*** RECORDS ***

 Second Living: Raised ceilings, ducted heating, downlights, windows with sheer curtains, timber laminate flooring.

*** End of RECORDS ***
*** RECORDS ***

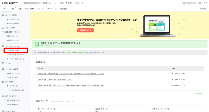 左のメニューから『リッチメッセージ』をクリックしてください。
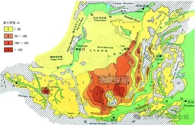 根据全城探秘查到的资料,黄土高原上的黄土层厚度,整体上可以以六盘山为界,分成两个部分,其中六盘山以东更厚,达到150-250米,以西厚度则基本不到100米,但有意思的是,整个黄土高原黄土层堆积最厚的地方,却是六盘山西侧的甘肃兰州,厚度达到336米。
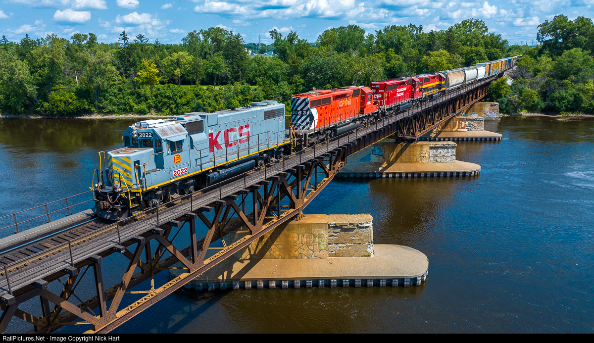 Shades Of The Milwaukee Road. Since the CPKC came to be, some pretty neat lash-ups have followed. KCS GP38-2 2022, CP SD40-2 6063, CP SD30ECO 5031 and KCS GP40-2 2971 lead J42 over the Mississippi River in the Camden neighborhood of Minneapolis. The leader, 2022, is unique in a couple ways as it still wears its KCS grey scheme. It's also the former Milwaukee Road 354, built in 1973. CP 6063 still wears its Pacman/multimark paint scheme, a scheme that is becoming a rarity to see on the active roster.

*** End of RECORDS ***

> [WORK ITEM]:
Set the pictures aside and retype exactly the lines above from the line with "根据全城探秘查到的资料,黄土" to the line with "Shades Of The", both included, adding no others.

> [WRITTEN SOLUTION]:
 根据全城探秘查到的资料,黄土高原上的黄土层厚度,整体上可以以六盘山为界,分成两个部分,其中六盘山以东更厚,达到150-250米,以西厚度则基本不到100米,但有意思的是,整个黄土高原黄土层堆积最厚的地方,却是六盘山西侧的甘肃兰州,厚度达到336米。
 Shades Of The Milwaukee Road. Since the CPKC came to be, some pretty neat lash-ups have followed. KCS GP38-2 2022, CP SD40-2 6063, CP SD30ECO 5031 and KCS GP40-2 2971 lead J42 over the Mississippi River in the Camden neighborhood of Minneapolis. The leader, 2022, is unique in a couple ways as it still wears its KCS grey scheme. It's also the former Milwaukee Road 354, built in 1973. CP 6063 still wears its Pacman/multimark paint scheme, a scheme that is becoming a rarity to see on the active roster.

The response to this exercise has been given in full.